Esses aspectos sociais, materiais e econômicos que molduram a vida dos alunos da Emag têm seus correspondentes no interior da escola; eles funcionam como uma submoldura e também influenciam as condições de ensino e de gestão da escola. Ou seja, a escola tem uma história que é preciso considerar, principalmente quando se trata de analisar a vida escolar de adolescentes. A Emag não foi planejada e nem construída para atendê-los, tampouco na quantidade que hoje atende.

Após sua inauguração, a escola passou por várias ampliações priorizando a construção de salas de aula e a inserção dos alunos mais velhos do ensino fundamental. Com isso, a sala de aula que, na escola tradicional é o lugar privilegiado para se ensinar, torna-se quase que o único lugar de ensino. Os outros espaços como os laboratórios de ciências e informática, a sala de vídeo, quadras esportivas não são utilizados de modo satisfatório, sequer para cumprir os objetivos da escola tradicional, de transmitir conhecimentos.
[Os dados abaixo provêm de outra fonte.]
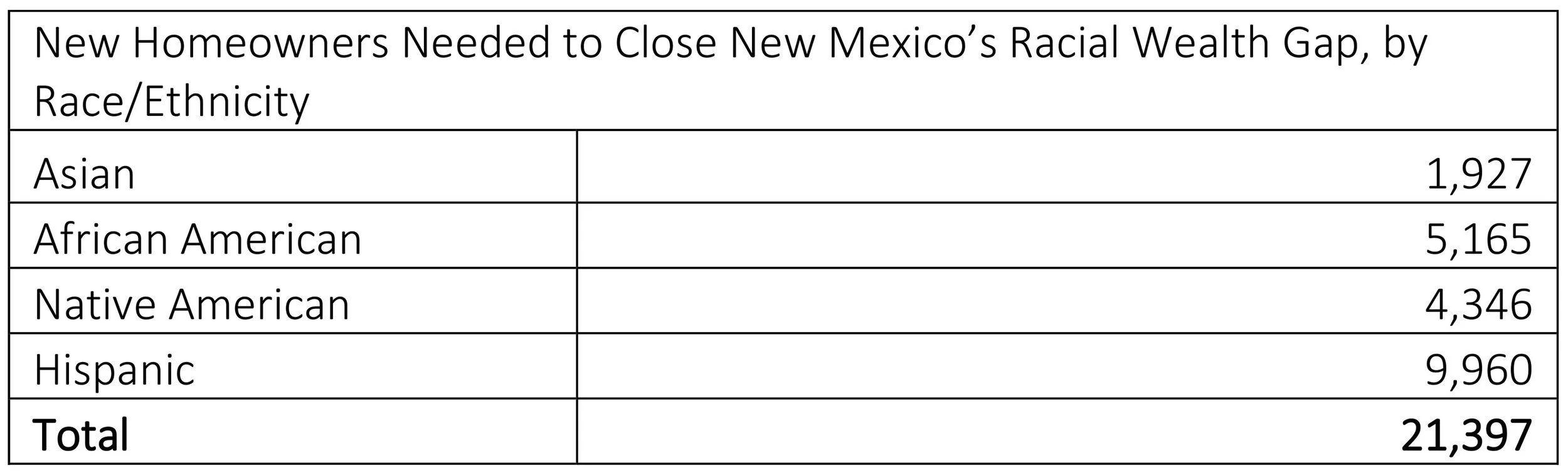 A 9% increase in minority homeownership would close New Mexico’s racial homeownership gap. This can be accomplished by facilitating home purchases by 21,397 (roughly 1-in-6) non-White renter households. Table 1 shows the number of additional homeowner households needed to close the racial homeownership gap in New Mexico.

O projeto arquitetônico da Emag foi elaborado para edificar uma escola tradicional e as alterações por que ela passou não alteraram o projeto original. Quando se tenta praticar dentro dessa estrutura física de escola outra concepção de educação, as condições dadas se transformam em obstáculos, conspiram contra as novas pretensões. No Apêndice A, é possível identificar vários movimentos dos docentes que tentam fazer um trabalho alternativo, menos tradicional. No entanto, esses profissionais acabam sendo assimilados pela prática tradicional, individualista, fragmentada que predomina no nosso ensino. Na Emag, prevalece a ideia de que o sucesso escolar é para quem merece, para quem se esforça e se submete às regras; ou seja, para quem se comporta como aluno. Consequentemente, quem não se comporta assim não tem acesso ao conhecimento que a escola oferece: os conteúdos da matéria, conforme promete o ensino tradicional. Nesse caso, a escola fica distante do princípio constitucional que anuncia uma educação plena do educando; ou, conforme defende Paro (2008a p. 25), uma educação como atualização histórico-cultural em que o aluno pode progressivamente diminuir a “defasagem que existe em termos culturais entre seu estado no momento em que nasce e o desenvolvimento histórico no meio social em que se dá seu nascimento e seu crescimento.”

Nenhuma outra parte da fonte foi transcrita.